Wellness Week – UN High Level Meeting on Non-Communicable Diseases

Wellness Week Logo

The Pan American Health Organization, Regional Office for the Americas of the World Health Organization (PAHO/WHO) and the World Economic Forum are collaborating on Wellness Week, which seeks to develop a social movement on healthy settings for healthy living and increase awareness among individuals, policy makers, communities and employers.

The objective of Wellness Week is to emphasize the importance of the built and natural environment and socioeconomic conditions in modifying the risk factors for non-communicable diseases and in promoting prevention.
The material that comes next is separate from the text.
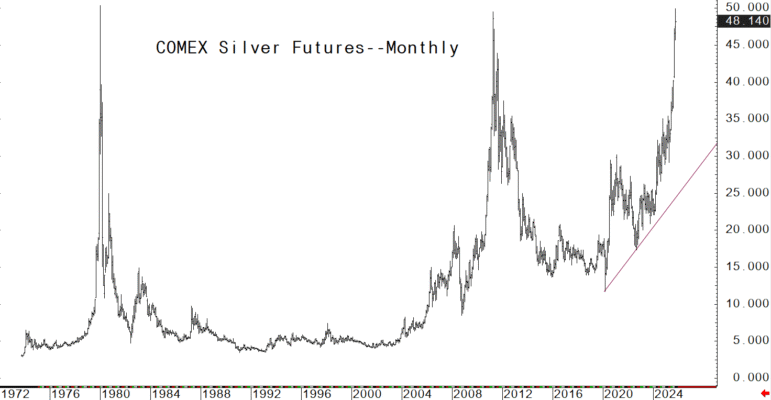 Xem biểu đồ tiếp diễn hàng tháng của các hợp đồng tương lai bạc trên sàn Comex gần đây cho thấy diễn biến giá vào tháng 1 năm 1980 đã chứng kiến giá bạc đạt đỉnh cao nhất mọi thời đại là 50,36 đô la một ounce, dựa trên các hợp đồng tương lai gần. Phải mất hơn 30 năm để bạc phá vỡ mức cao kỷ lục năm 1980 – đạt được điều này vào năm 2011 khi giá hợp đồng tương lai gần đạt 49,52 đô la. Sau đó, phải mất 14 năm để bạc vượt qua mức cao năm 2011 theo hướng tăng, nhưng chỉ tăng 44 xu, khi các hợp đồng tương lai bạc gần đây trong tuần này đạt mức cao nhất là 49,965 đô la.

Non-communicable diseases (NCDs) are responsible for more than half all deaths in the world. WHO states that:

  • 36 million of the 67 million global deaths in 2008 were due to NCDs
  • 29% of NCD deaths in low- and middle-income countries in 2008 occurred before the age of 60
  • 80% of premature heart disease, stroke and diabetes can be prevented
  • In addition to increasing early death rates, NCDs also increase health care costs, affect development, lower the quality of life and decrease well-being.

Non-communicable diseases include mainly:

  • Cardiovascular disease
  • Cancers
  • Diabetes
  • Chronic respiratory diseases

While not the only NCDs, these four account for the majority of NCD-related avoidable deaths and share the common risk factors of physical inactivity, inadequate diet, tobacco use, and the harmful use of alcohol.

PAHO/WHO Wellness Week Logo

Recognizing the human suffering, growing burden and socio-economic impact of Non-Communicable Diseases (NCDs) in all countries, the UN will hold a High-Level Meeting on NCDs (UNHLM) on Sept. 19-20, 2011.

The United Nations High-Level Meeting represents a major policy window opening for health, which has only occurred once before with AIDS in 2001.

The UNHLM will address the social and economic impact of NCDs and risk factors, as well as the development challenges posed by NCDs particularly for developing countries. Addressing the NCD requires a whole society approach, including the public and private sectors, academia, civil society, professional associations, and the population at large.